I might also assume that Carol Penkert is right-handed.  She is suing Costco Wholesaler and San Diego e-bike company Phantom because, she says, her machine was set up in violation of CPSC mandates.  But she isn't merely playing a "gotcha!" game.  Rather, she claims, the setup caused her to flip over the handlebars when she hit the brakes.  As a result, she lost her right eye and suffered a number of facial fractures.

She wasn't aware of the setup until the mechanic servicing the damaged bike spotted it.  The suit alleges that Phantom knowingly shipped, and Costco knowingly sold, her the bike, which she bought fully assembled,  without any warning that it had an irregular setup.  



28 March 2022

A True World Tour?

The Paris-Roubaix race is often called "L'enfer du Nord":  the Hell of the North. This "classic," a long one-day road race, is held early in the Spring and has run through all kinds of weather, from snowstorms to heat waves.  It also includes mud and some of the roughest cobblestone roads in Europe.  Many riders who excelled in other kinds of races avoided Paris-Roubaix, or didn't fare well in it:  Bernard Hinault, arguably the most dominant racer not named Eddy Mercx (and, like Mercx, a five-time Tour de France winner) entered P-R only once.  He won, but vowed never to ride it again, in part because the tendinitis that afflicted his knees was aggravated by the vibration of the cobblestones and the weather

If P-R is the "Hell" of the North, Belgium's Ghent-Wevelgem might be its Purgatory.  The annual race winds through Flandrian towns anc countryside and includes those notorious those notorious  Belgian cobblestones that challenge the best dental work as well as other parts of riders' bodies.

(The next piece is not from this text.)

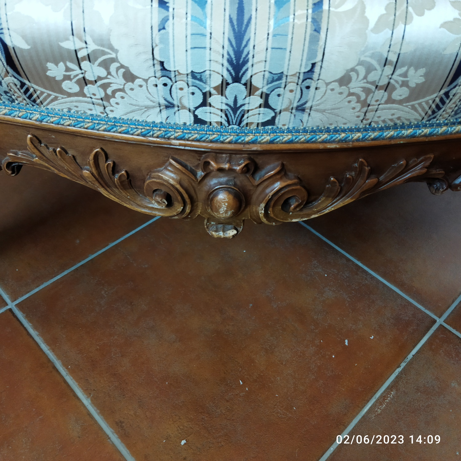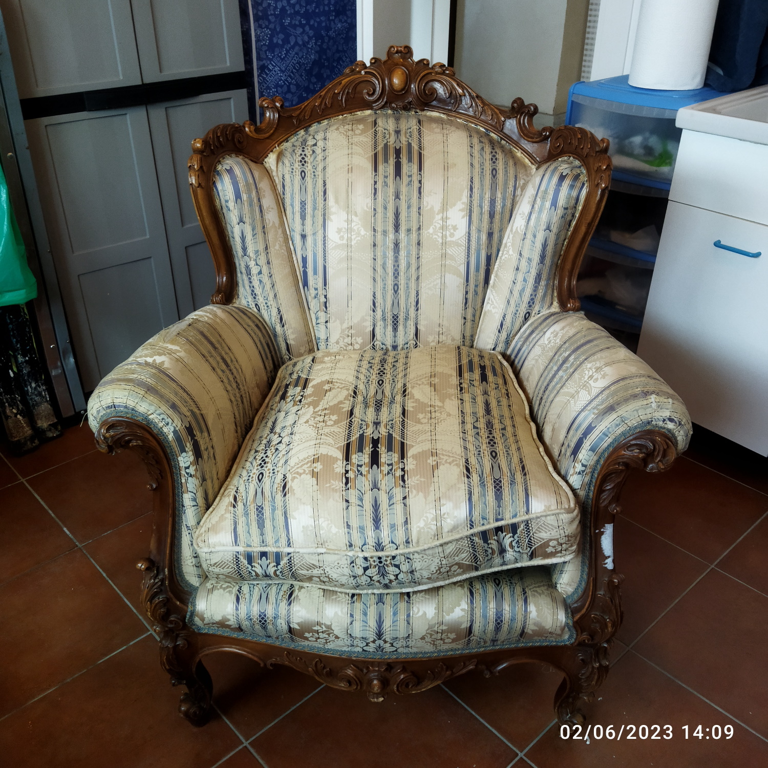 Salve a-mici !!! Finalmente la poltrona è stata completata e anche questa volta la Sophie è stata all’altezza della sua fama : quella poltrona vecchia, puzzolente, con i tarli, la tappezzeria e il legno rovinati, con le cinte della sedute in fase di distacco, è ritornata ad essere lo splendore che è stata in un tempo non molto lontano !

The Paris-Roubaix and Ghent-Wevelgem are, like other classics including  Milan-San Remo,  considered Tour-level (elite) races.  For decades, they were dominated by riders from  northern and western European countries like Belgium, France and Italy.  Since the fall of the Soviet Union, riders from former Bloc countries have made their mark, as they have in the Grand Tours (Tour de France, Giro d'Italia, Vuelta a Espana).  So have cyclists from the Americas, mainly the US, Canada, Mexico and Colombia.

For a long time, observers believed that the first non-European or American riders to establish a presence in the European racing circuit would come from Japan, which has long had a strong tradition of cycling.  Also, China looked ready to become a cycling powerhouse because they have done so in other sports and it, like Japan, has a long tradition of cycling.

Perhaps they, or some other Asian country, will infiltrate the ranks of Tour-level riders.  But, perhaps not surprisingly, the latest cyclist to interrupt the European hegemony has come from a place that, however quietly, has been turning out other world-class athletes.

Yesterday, Biniam Girmay defeated favorites Christophe Laporte of France and Belgian Dries van Gestel in the latest edition of Ghent-Wevelgem.  The 21-year-old hails from Eritrea, an East African country across the Red Sea from Yemen.  He rode with a mastery and discipline that belied his youth:  Although he mastered the cobblestones, he left enough in the tank for a perfect sprint finish.


Biniam Girmay (l) celebrates his victory.  Photo by Kurt Desplenter, for Agence France- Presse.


Perhaps this is a sign that the World Championship will one day live up to its name--in cycling as well as other sports.